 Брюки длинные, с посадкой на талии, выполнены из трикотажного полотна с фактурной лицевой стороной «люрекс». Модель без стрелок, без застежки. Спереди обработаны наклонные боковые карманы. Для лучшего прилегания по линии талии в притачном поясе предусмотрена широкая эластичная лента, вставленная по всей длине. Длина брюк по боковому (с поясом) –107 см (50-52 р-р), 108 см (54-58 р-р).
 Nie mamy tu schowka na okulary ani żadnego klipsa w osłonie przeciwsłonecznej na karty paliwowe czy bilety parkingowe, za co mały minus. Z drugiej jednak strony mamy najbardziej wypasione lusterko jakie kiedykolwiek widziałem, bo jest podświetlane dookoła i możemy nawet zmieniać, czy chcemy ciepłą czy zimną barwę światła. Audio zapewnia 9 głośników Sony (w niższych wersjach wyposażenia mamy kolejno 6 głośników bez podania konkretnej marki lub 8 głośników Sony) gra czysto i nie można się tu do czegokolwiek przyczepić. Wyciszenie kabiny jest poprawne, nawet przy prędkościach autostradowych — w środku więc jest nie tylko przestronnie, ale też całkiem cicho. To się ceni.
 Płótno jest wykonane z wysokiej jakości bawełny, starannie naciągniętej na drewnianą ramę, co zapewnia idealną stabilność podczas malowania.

● ● ● ●

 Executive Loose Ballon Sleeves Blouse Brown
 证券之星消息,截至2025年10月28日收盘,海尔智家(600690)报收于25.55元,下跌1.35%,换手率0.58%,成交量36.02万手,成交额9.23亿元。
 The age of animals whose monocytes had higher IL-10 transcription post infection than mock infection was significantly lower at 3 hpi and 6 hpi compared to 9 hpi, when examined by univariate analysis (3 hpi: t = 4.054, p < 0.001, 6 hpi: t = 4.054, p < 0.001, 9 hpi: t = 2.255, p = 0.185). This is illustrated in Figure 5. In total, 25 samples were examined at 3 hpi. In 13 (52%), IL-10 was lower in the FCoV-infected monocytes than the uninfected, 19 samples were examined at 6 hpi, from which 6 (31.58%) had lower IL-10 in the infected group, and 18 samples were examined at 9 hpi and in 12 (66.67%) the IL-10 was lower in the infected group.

● ● ● ●

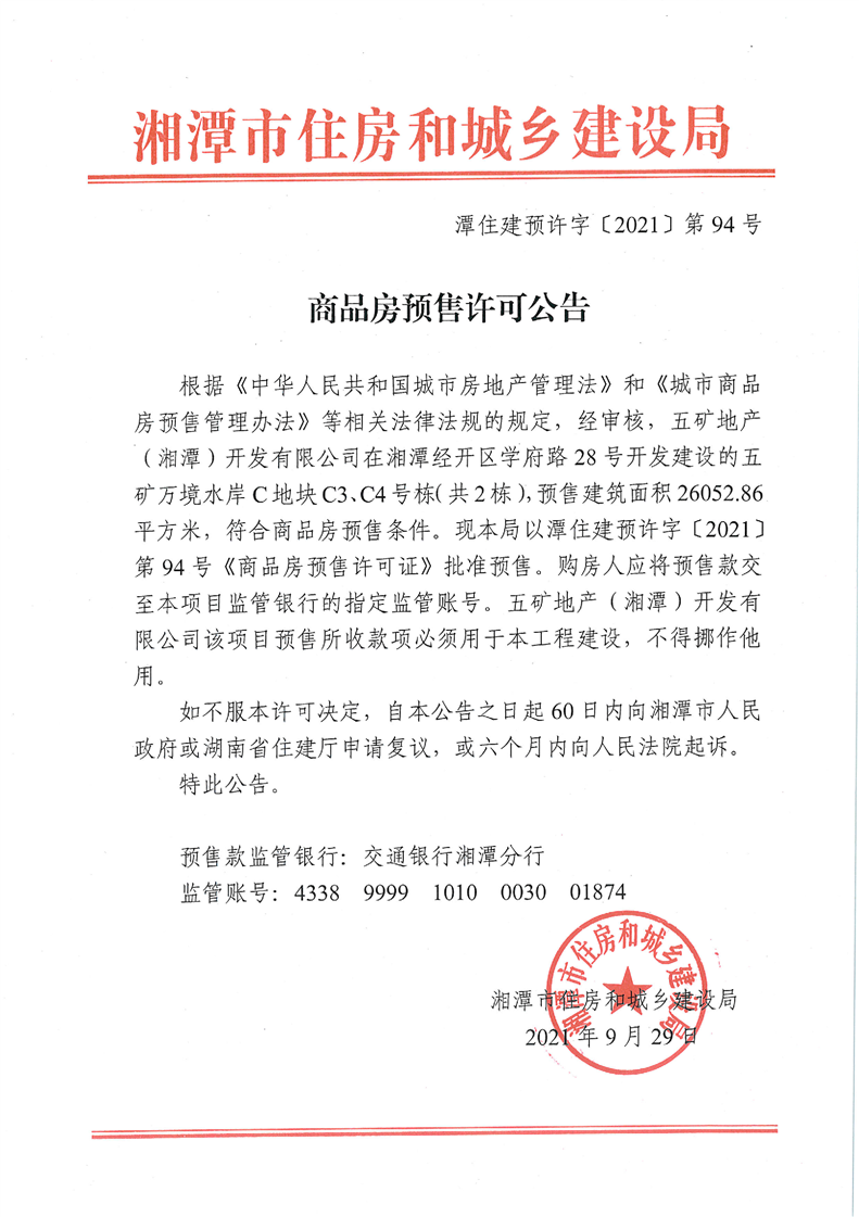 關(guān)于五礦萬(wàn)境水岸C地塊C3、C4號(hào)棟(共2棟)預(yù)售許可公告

● ● ● ●

What you are asked to do: Number of lines above with the word "zapewnia": state it alone.

Expected output: 2